Los propietarios de Liverpool, Fenway Sports Group (FSG), han dado un paso que sacude el mapa del fútbol europeo: han vendido una participación minoritaria del club a un consorcio que incluye al multimillonario estadounidense y fundador de Amazon, Jeff Bezos.

No es un simple movimiento financiero. Es la entrada formal de uno de los hombres más ricos del planeta en el mundo del deporte.

Bezos entra en juego

El acuerdo, anunciado este viernes tras negociaciones que salieron a la luz en julio, supone la primera incursión de Bezos en el deporte profesional después de años de rumores y contactos con franquicias norteamericanas.

El tamaño exacto del paquete no se ha hecho público, pero fuentes con conocimiento directo de la operación lo sitúan en torno al 30 por ciento, hasta un tercio del club. Es una porción muy relevante… sin llegar a tocar el mando.

La vía de acceso de Bezos es el fondo K5 Sports. Sin embargo, el rostro principal de la operación es otro: Amit Bhatia, ex copropietario de Queens Park Rangers, que ha liderado y gestionado el consorcio 1892 Holdings. A su lado aparece la oficina familiar de Eduardo Saverin, cofundador de Facebook, y su esposa Elaine.

Bhatia asumirá el cargo de vicepresidente del club y se sentará en el consejo de administración junto a Elaine Saverin y Bryan Baum, representante de K5 Sports. Bezos, pese a su peso económico, no tendrá asiento en el consejo, según las mismas fuentes.

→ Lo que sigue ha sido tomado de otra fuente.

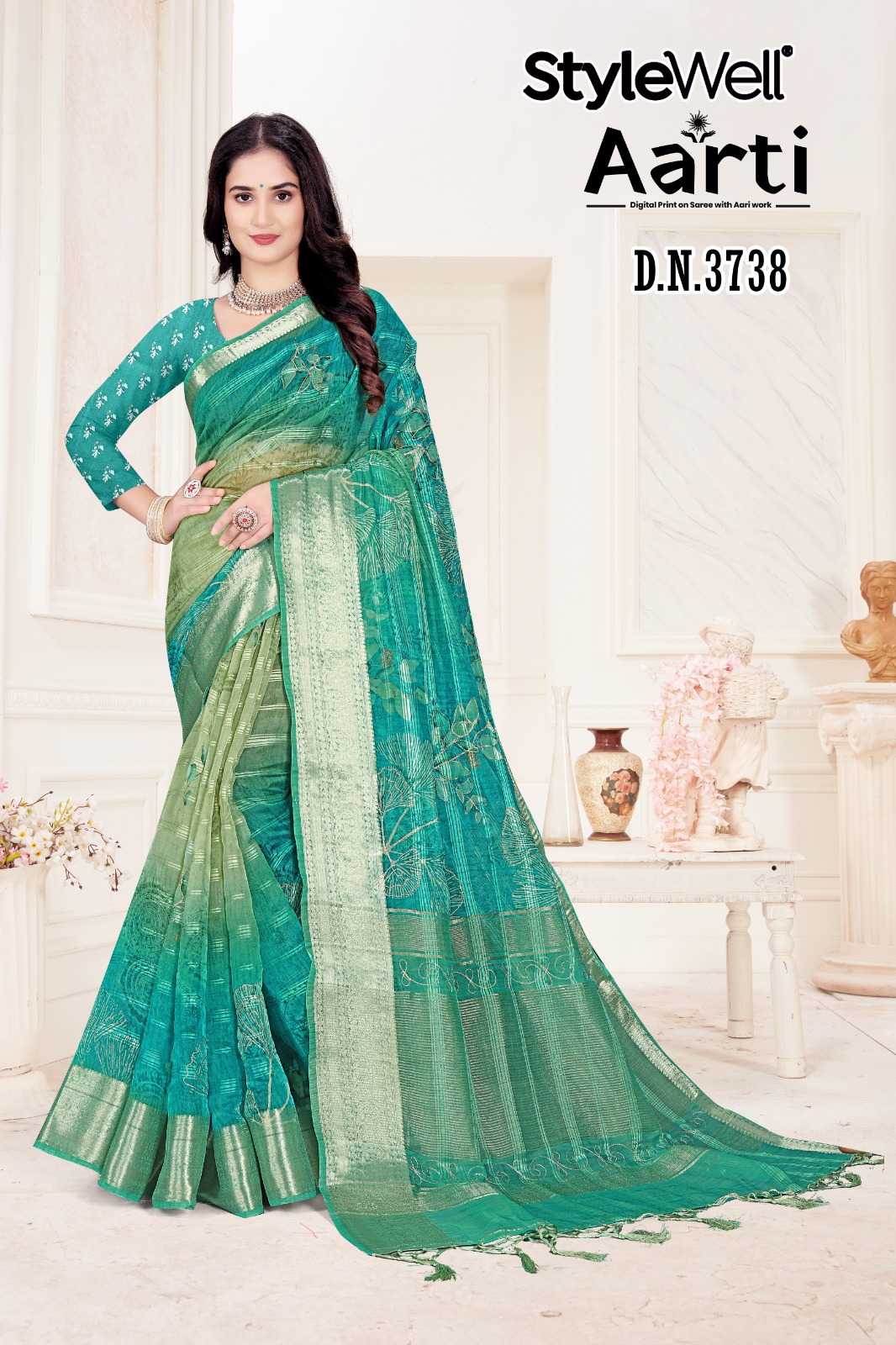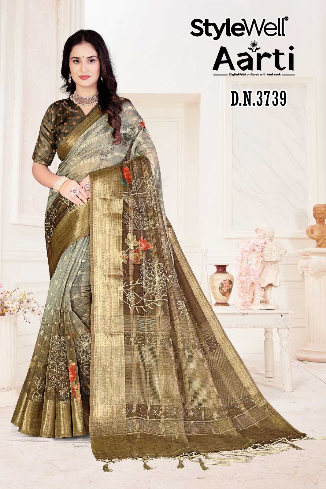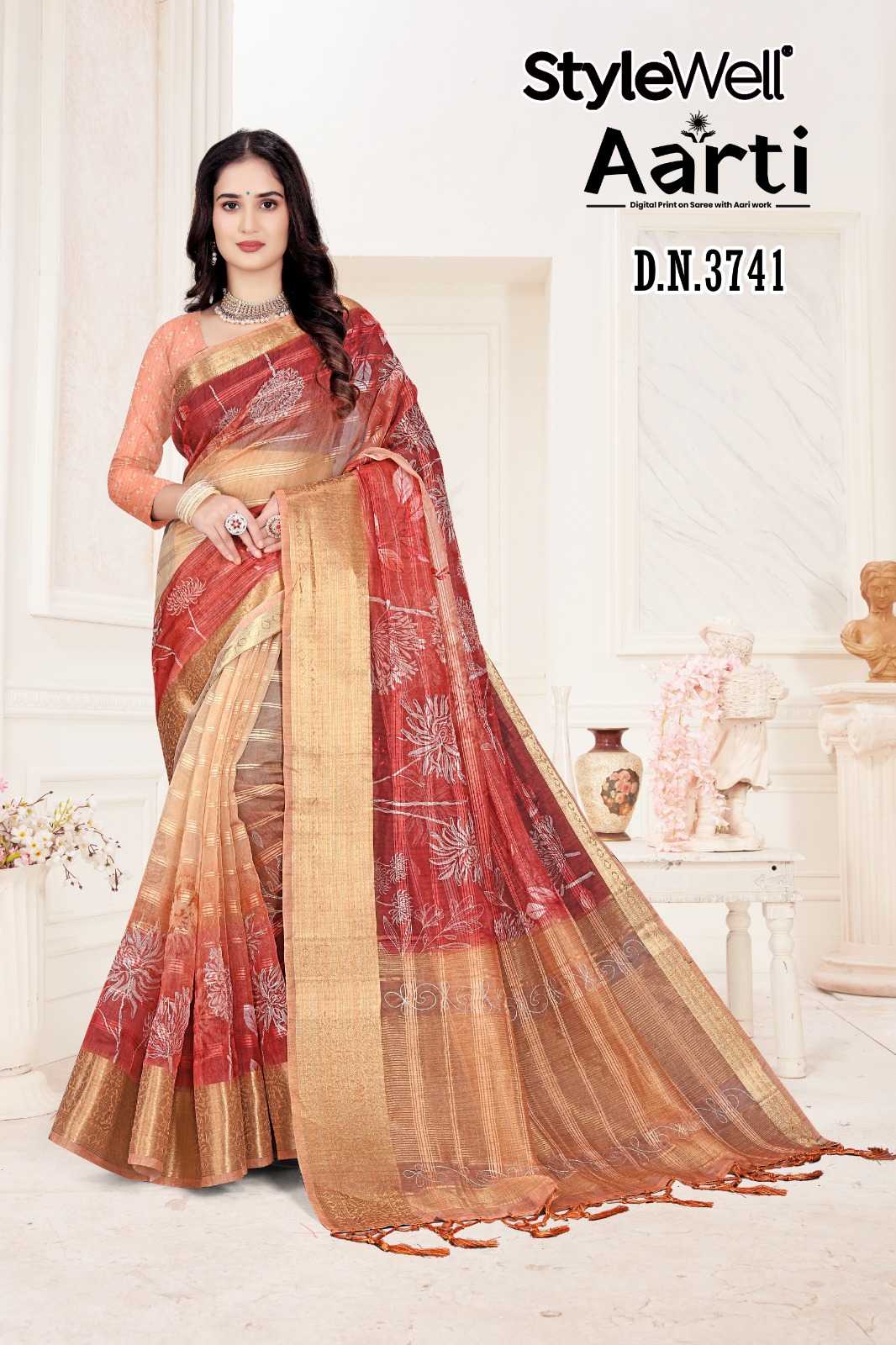 STYLEWELL - Be your own Label ☀️ New Catalogue Launch ☀️ 🌻 AARTI 🌻 🔅RATE - *₹1105/- per pcs 🔅FABRIC - Digital Print On Soft Organza(With Thread Work) |
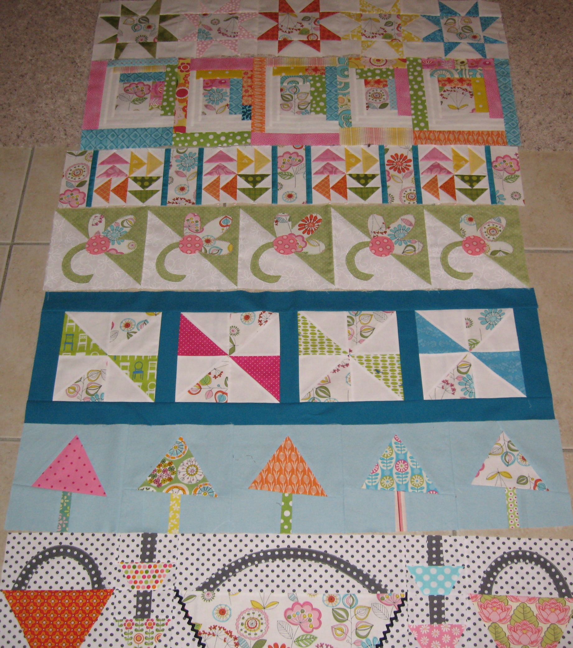 We finished the Pick A Bunch and the Fluttering Butterflies quilts. We made 2 table runners. All will be kitted for the show.
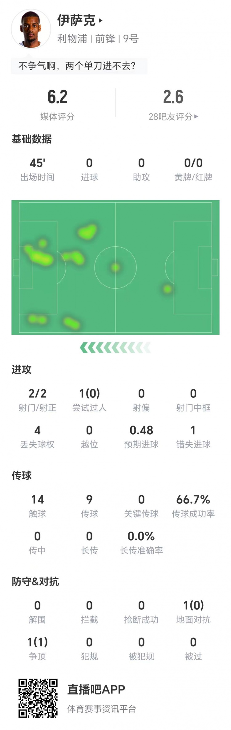 半场被换下,伊萨克本场数据:两射两正,1次错失得分 ,获评6.2分
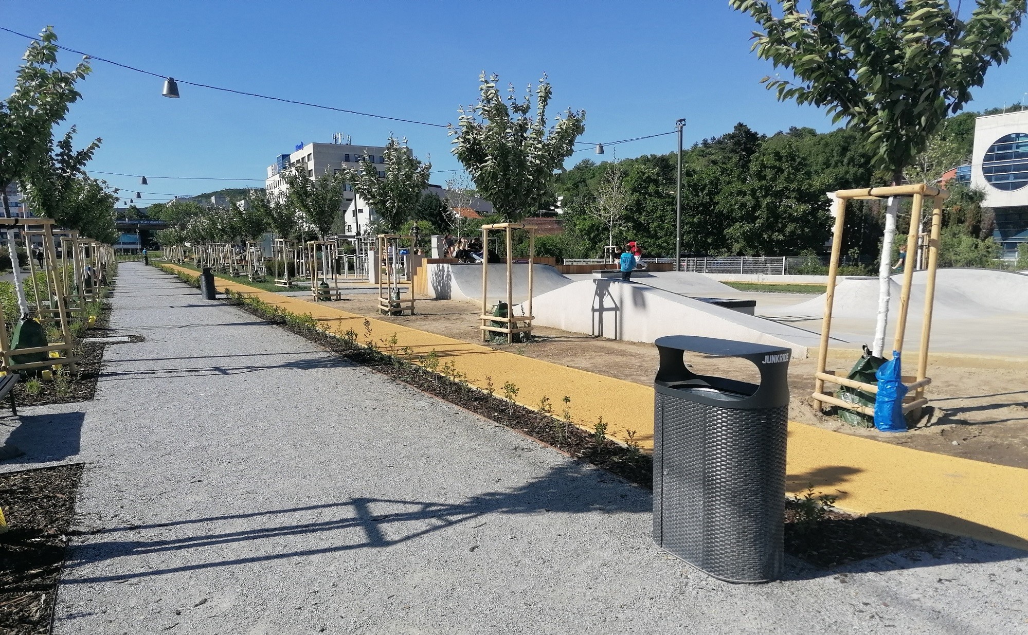 Nový multifunkčný park v Karlovej Vsi - samozrejme, stromy potrebujú čas, kým dorastú.
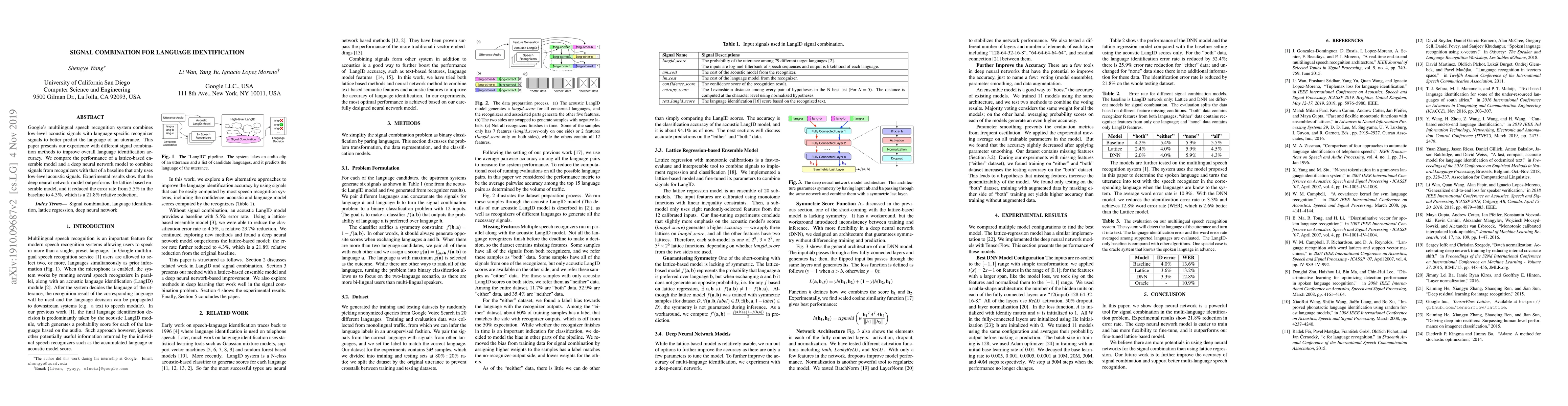 A deep neural network model outperforms a lattice-based ensemble model in combining low-level acoustic signals with language-specific recognizer signals to improve language identification accuracy, reducing error rates by 21.8%.
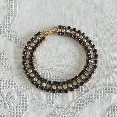 チェコ製 ガラス製ラインストーンのブレスレット 黒
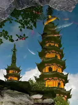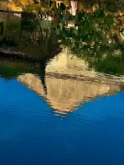 ✨Koi pond on the first floor reflecting the Twin Pagodas/Carved window frame on the second floor
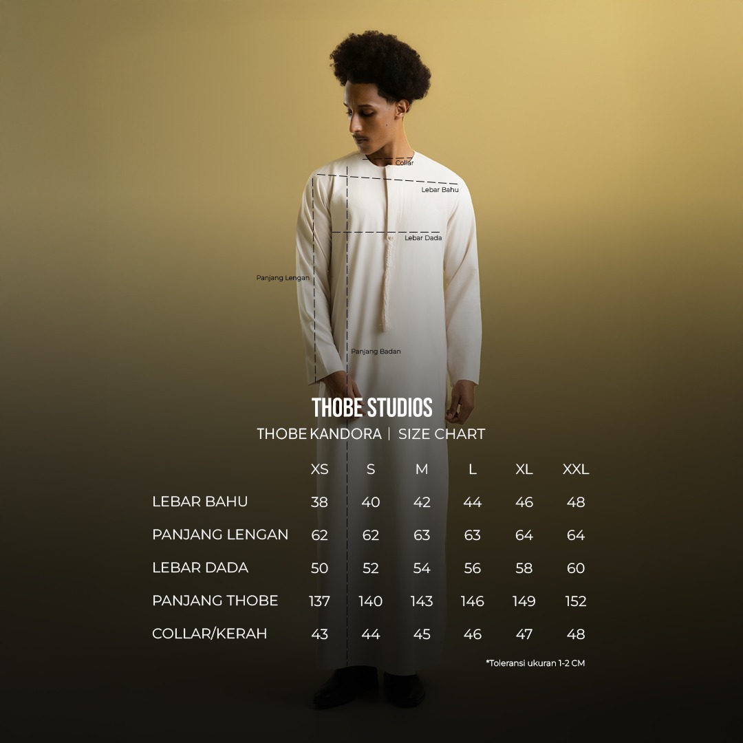 Lebar Bahu 48 / Panjang Lengan 63 / Lebar Dada 58 / Panjang Thobe 150 / Kerah 48
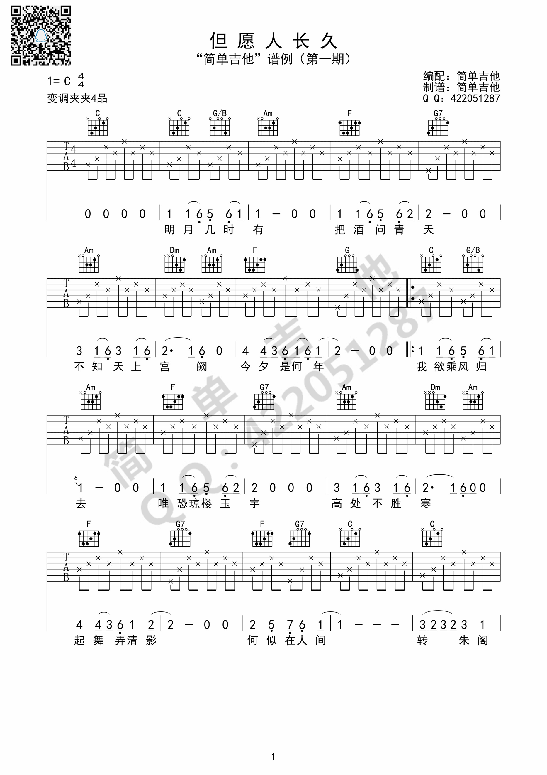 当前位置:琴谱网>吉他弹唱>但愿人长久

Se trata del primer capital externo minoritario que entra en Liverpool desde que Dynasty Equity compró aproximadamente un tres por ciento del club por cerca de 200 millones de dólares en septiembre de 2023.

FSG sigue mandando

El mensaje oficial de FSG es claro: la mayoría no se toca. El comunicado que confirma la venta subraya que el grupo seguirá conservando la propiedad mayoritaria y el control operativo del club. No habrá cambios en la cúpula ejecutiva ni en el día a día de Anfield.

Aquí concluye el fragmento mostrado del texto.